**Goal of the exercise**: Set down the listing exactly as given, minus images.

**Data extract**:
▶

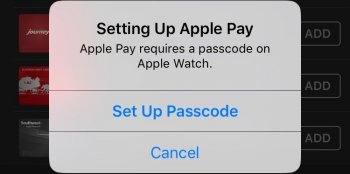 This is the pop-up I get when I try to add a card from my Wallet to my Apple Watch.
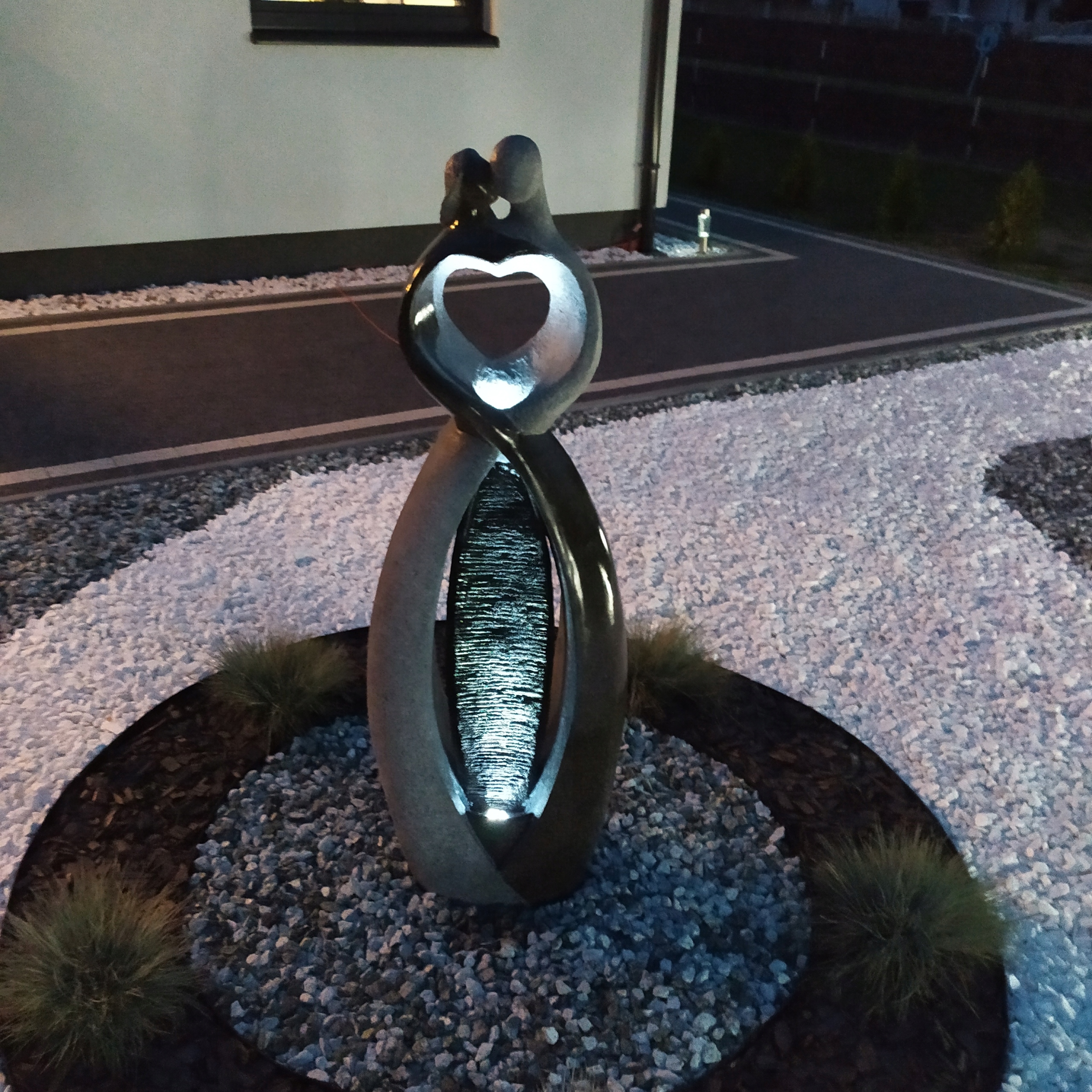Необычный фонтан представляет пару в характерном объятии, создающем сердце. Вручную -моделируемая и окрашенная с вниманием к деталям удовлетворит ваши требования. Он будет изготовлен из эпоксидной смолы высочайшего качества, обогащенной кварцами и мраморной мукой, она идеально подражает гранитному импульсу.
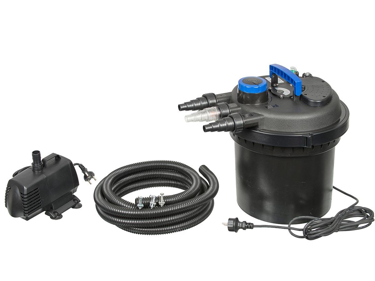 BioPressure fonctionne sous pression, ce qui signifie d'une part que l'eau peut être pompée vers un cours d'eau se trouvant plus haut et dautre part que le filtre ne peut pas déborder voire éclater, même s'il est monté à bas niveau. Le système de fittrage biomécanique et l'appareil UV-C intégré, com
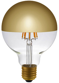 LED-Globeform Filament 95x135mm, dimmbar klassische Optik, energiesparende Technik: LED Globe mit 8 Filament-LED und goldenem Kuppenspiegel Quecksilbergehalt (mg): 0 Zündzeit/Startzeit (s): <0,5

◀

**Answer space**:
 This is the pop-up I get when I try to add a card from my Wallet to my Apple Watch.
Необычный фонтан представляет пару в характерном объятии, создающем сердце. Вручную -моделируемая и окрашенная с вниманием к деталям удовлетворит ваши требования. Он будет изготовлен из эпоксидной смолы высочайшего качества, обогащенной кварцами и мраморной мукой, она идеально подражает гранитному импульсу.
 BioPressure fonctionne sous pression, ce qui signifie d'une part que l'eau peut être pompée vers un cours d'eau se trouvant plus haut et dautre part que le filtre ne peut pas déborder voire éclater, même s'il est monté à bas niveau. Le système de fittrage biomécanique et l'appareil UV-C intégré, com
 LED-Globeform Filament 95x135mm, dimmbar klassische Optik, energiesparende Technik: LED Globe mit 8 Filament-LED und goldenem Kuppenspiegel Quecksilbergehalt (mg): 0 Zündzeit/Startzeit (s): <0,5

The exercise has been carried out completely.